When you edit a blog called "Goats and Soda," and you read a story about a goat locked in a car in the parking lot of a Home Depot in Oxford, Mass., and you learn that the goat turned on the hazard lights and wipers, pooped on the driver's seat and ... drank an old cup of soda, you have no choice.

You have to cover the story.

According to the Boston Globe, the goat belonged to a woman named Ashley Robertson. She had picked it up from a farmer who was looking for a home for the goat. "We had goats," she says, "so [the farmer] offered him to us and we accepted."

As she was taking the goat home to add to her miniherd, she reportedly stopped to pick up a gasket for a leaky toilet and figured she couldn't bring the goat into Home Depot.

A YouTube video that's gone viral shows that this isn't just an old nanny's tale.

Now this raises many questions. First of all, how would a goat feel, locked in a car in a parking lot? And ... should goats be drinking soda?

For answers, we turned to Susan Schoenian, a sheep and goat specialist at the University of Maryland Extension.

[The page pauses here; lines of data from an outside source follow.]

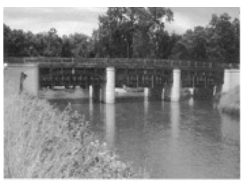
Photo compliments of the IBN Canal Commis Photo compliments of the IBN Canal Commis

ground transportation rendered the canals unnecessary. Two major problems impacted canal traffic: 1) from November to April, the canal was not navigable due to the weather, and 2) the fluctuation of the Illinois River during the summer months created traffic problems on the canal. The railroads proved to be more efficient and comfortable, particularly for passenger traffic. Various agencies have controlled the I&M Canal since the cessation of commercial operations in 1933. With the exception of the construction of Chicago's Stevenson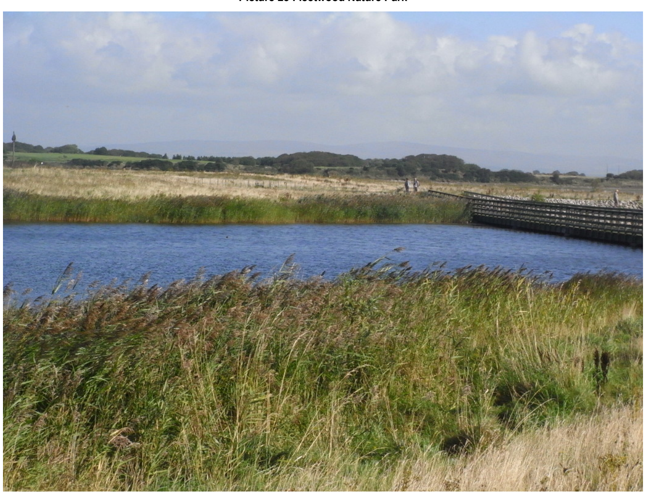
Table 11 Natural and semi-natural greenspaces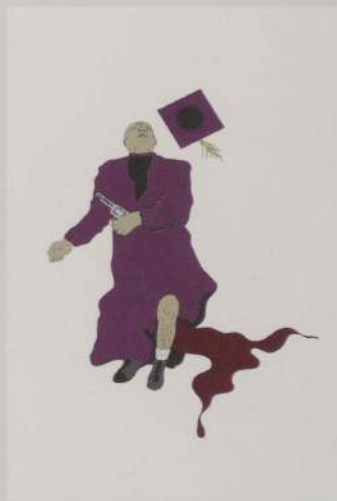
Deadman 1–5. 2003. Two from a series of five digital prints, each: 19 x 13" (48.3 x 33 cm). Publisher: the artist and Greene Naftali, New York. Printer: Silicon Gallery Fine Art Prints Ltd., Philadelphia. Edition: 5. The Museum of Modern Art, New York. Harvey S. Shipley Miller Fund, 2004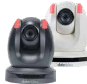
PTC-150T 1080P HDBaseT Camera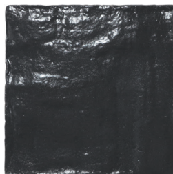
SILK DAKU SIZE: 3.9" X 3.9"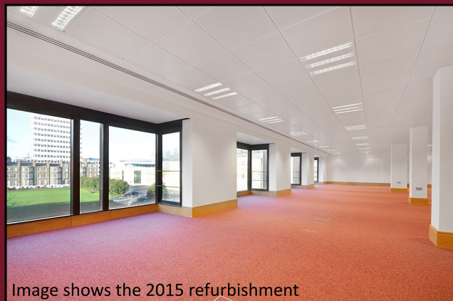
Image shows the 2015 refurbishment

30 City Road is to be upgraded during 2020. The 2nd floor office suite has just been refurbished to provide open plan, redecorated and recarpeted space with a total net floor area of 1950 sq ft.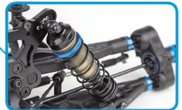
16mm Big Bore 6061 aluminum shock bodies and bleeder-style caps, with new 20mm I.D. springs

That goat probably wasn't happy about being left alone in the car, Schoenian says. Whether it's a pet goat or a farm goat, "it would be somewhat freaked out to be confined in a car."

As for the goat's soda slurping, "goats are very curious animals. If they see something to eat or drink, they're going to do it."

It's the same way they'd try biting a tin can. But she notes, "They don't eat tin cans. They're curious so they bite it. But that's not what they eat."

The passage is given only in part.